Each ASF member is entitled to change their user name once and once only.

Those members who decide to change their user name must have as their custom user title (the text below their user name) for a period of one year, "Formerly known as '(Insert previous user name here)'"

User name changes will be permanently recorded in this thread: https://www.aussiestockforums.com/forums/showthread.php?t=4576
Please vote in the poll and feel free to share your views about user name changes in this thread. This is the last time this issue will be up for discussion so please make your views known if you feel strongly about it one way or the other.


----------



## Happy

It should not be made harder than change of name in Australia.

From what I heard, you fill in application form, pay fee and you’ve got name changed.

Only restriction is that you cannot ask for some names for various reasons like Hitler for example.

Unfortunately my knowledge on this matter is second hand, so can be wrong.


----------



## ithatheekret

The set out as explained looks to be the easier method , at least here you get to forward your view on the position . Free and democratic , I bet Keating doesn't know about this one .


----------



## Whiskers

Although I'm not contemplating changing mine, I think you have it pretty right Joe.

You and we don't want people changing identity every other week. One would have to wonder why people would. 

Depending on the reason, if there are exceptions, you might charge a reasonable fee... for your trouble of course!


----------



## MS+Tradesim

Sometimes you outgrow a username. 

I like the setup in some forums where your username doesn't change but you can change your display name.


----------



## BlingBling

I think one should be able to change their name though not like one should his undies!

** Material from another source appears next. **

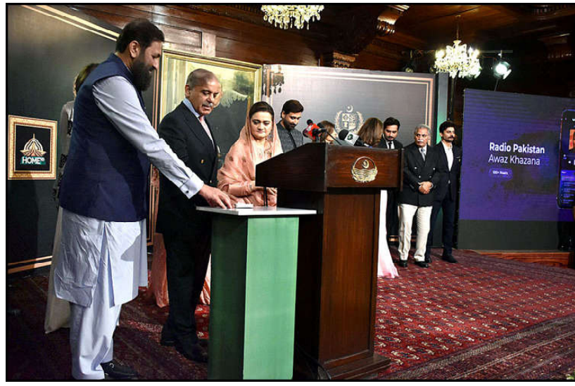
LAHORE: Prime Minister Shahbaz Sharif launches the Mobile App "Radio Pakistan Awaz Khazana".

Formerly known as "...." 1 year seems long. How about a few months?

just my 2 yen.


----------



## Happy

MS+Tradesim said:


> Sometimes you outgrow a username.
> 
> I like the setup in some forums where your username doesn't change but you can change your display name.




Like Novice or Beginner after 20 years of posting.


----------



## Junior

I think you should be able to change it without displaying your former name.  Except maybe a restriction of no more than one change every 6 months...or something along those lines.


----------



## So_Cynical

Only voted yes because of the term and conditions..ill be keeping my name.


----------



## >Apocalypto<

I have been talking to Joe about this.

I want to change my username to >Apocalypto< to stay in sync with Forexfactory.

Joe could we have a day of amnesty like we once had in the past?


----------



## >Apocalypto<

Joe Blow said:


> The issue of changing user names has come up again and I felt it was important enough to bring to the ASF community once more for discussion and a vote, especially since the number of members has grown significantly since the last time it was brought up. On this particular issue I will respect the majority view and a decision will be made on that basis. By majority view I mean the majority of those who feel that the issue is important enough for them to vote on it.
> 
> A small minority of members feel that for one reason or another they have outgrown their original user name. Either that or they wish their ASF user name to be the same as their user names on other forums.
> 
> If there are going to be changes in user names, this is what I am proposing:
> 
> 
> Each ASF member is entitled to change their user name once and once only.
> 
> Those members who decide to change their user name must have as their custom user title (the text below their user name) for a period of one year, "Formerly known as '(Insert previous user name here)'"
> 
> User name changes will be permanently recorded in this thread: https://www.aussiestockforums.com/forums/showthread.php?t=4576
> Please vote in the poll and feel free to share your views about user name changes in this thread. This is the last time this issue will be up for discussion so please make your views known if you feel strongly about it one way or the other.




sounds fair to me Joe,

I voted yes....


----------



## UMike

I voted yes as multiple accounts suck.


----------



## Joe Blow

Any more votes or views on this issue?


----------



## numbercruncher

Id like to change my name and also like the way in which you plan to implement it 

Cheers


----------



## 2020hindsight

"number cruncher, formerly Robert the Bruce" maybe?


----------



## >Apocalypto<

Joe,

when will you lets know on whether we can change our names or not?

cheers


----------



## Joe Blow

Trade_It said:


> Joe,
> 
> when will you lets know on whether we can change our names or not?
> 
> cheers




I'll let this thread run for the rest of this week to give everyone a chance to see it and vote or comment if they wish. 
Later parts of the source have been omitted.